The paper’s findings include:

  • Two of the three states are actively engaged in their exchange’s development, although some stakeholders noted they need more information from the government to complete the exchange and prepare themselves in a timely manner.
  • State Departments of Insurance view the regulations and their role in the exchanges as a continuation of their work pre-reform.
  • States are at different stages of readiness, Alabama for instance is lagging as a result of political/administrative hurdles the state faced and they have no plans to assist in the exchange’s development.
  • Consumer assistance programs will need to be created to help people navigate the exchange, although clearing political hurdles will be a challenge in the acquisition of federal funds to pay for such programs.

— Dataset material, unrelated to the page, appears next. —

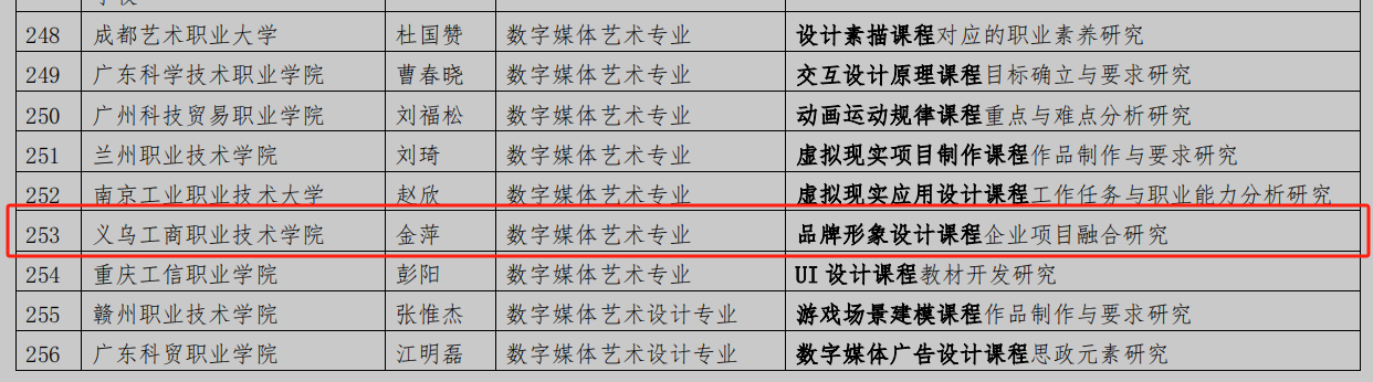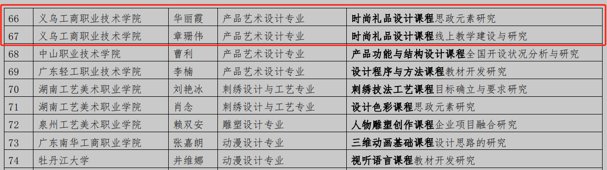 近日,教育部职业院校艺术设计类专业教学指导委员会公布了首批职业教育艺术设计类课程标准开发专项课题具体名单。beat365教师华丽霞主持的《时尚礼品设计课程思政元素研究》、金萍主持的《品牌形象设计课程企业项目融合研究》、章珊伟主持的《时尚礼品设计课程线上教学建设与研究》课题,均经过严格评审,成功获批立项。

States estimates of the low income uninsured not eligible even if their home states expanded Medicaid through ACA

This issue brief from the SHADAC (State Health Access Data Assistance Center) of the Robert Wood Johnson Foundation details with maps and tables which states are most likely to have low income uninsured adults who even with ACA’s Medicaid expansion would remain uninsured.  Kansas is in the top tier with over 10.1%.  It is estimated that  4% of Kansas’ ~1.7 million nonelderly (less than 65) adults are either undocumented or recent legal immigrants.  Eight percent of its 391,000 low income, less than 138% of the federal poverty level ($15,856 for a single person), nonelderly adults are either undocumented or recent legal immigrants.  And about 13% of its low income uninsured nonelderly adults are either undocumented or recent legal immigrants.   The average for the US is higher at 17% because of states like California, Texas, and even some northeast states like Massachusetts and New Jersey which have higher percentages and larger populations pulling the mean upward.

More businesses due to ACA

Job lock has been one of resulting problems with the way Americans currently purchase health insurance.  Because the individual market is so expensive, and because many people would have pre-existing conditions that would have excluded them from purchasing a new insurance plan, many people stay at jobs they do not like.

So, with the ability to purchase insurance in the marketplace with no exclusions due to pre-existing conditions it is predicted that more people will change jobs and even pursue new entrepreneurial ventures.  This is detailed in a new report from the Robert Wood Johnson Foundation, the Urban Institute and Georgetown University’s Health Policy Institute. The number of self-employed people is expected to rise by 1.5 million — a relative increase of more than 11 percent — as a direct result of the health care overhaul.

Delaying the full implementation of the Small Business Marketplaces

Part of the new choices in the world of Obamacare are going to be marketplaces (SHoPs) where small businesses  can choose health plans to offer their employees.  Larger purchasing pools are expected to make the costs of offering insurance to employees of those businesses much more affordable.

Unfortunately there is going to be delay in when those SHoPs get launched.  The federal government has been mightily distracted by the unexpected task of having to set up marketplaces in over half of the states, Kansas being one of them, where Governors have decided to let the feds negotiate with state health insurance plans.

This article in the Washington Post details the specifics of what and when to expect that small business marketplace to get up and running.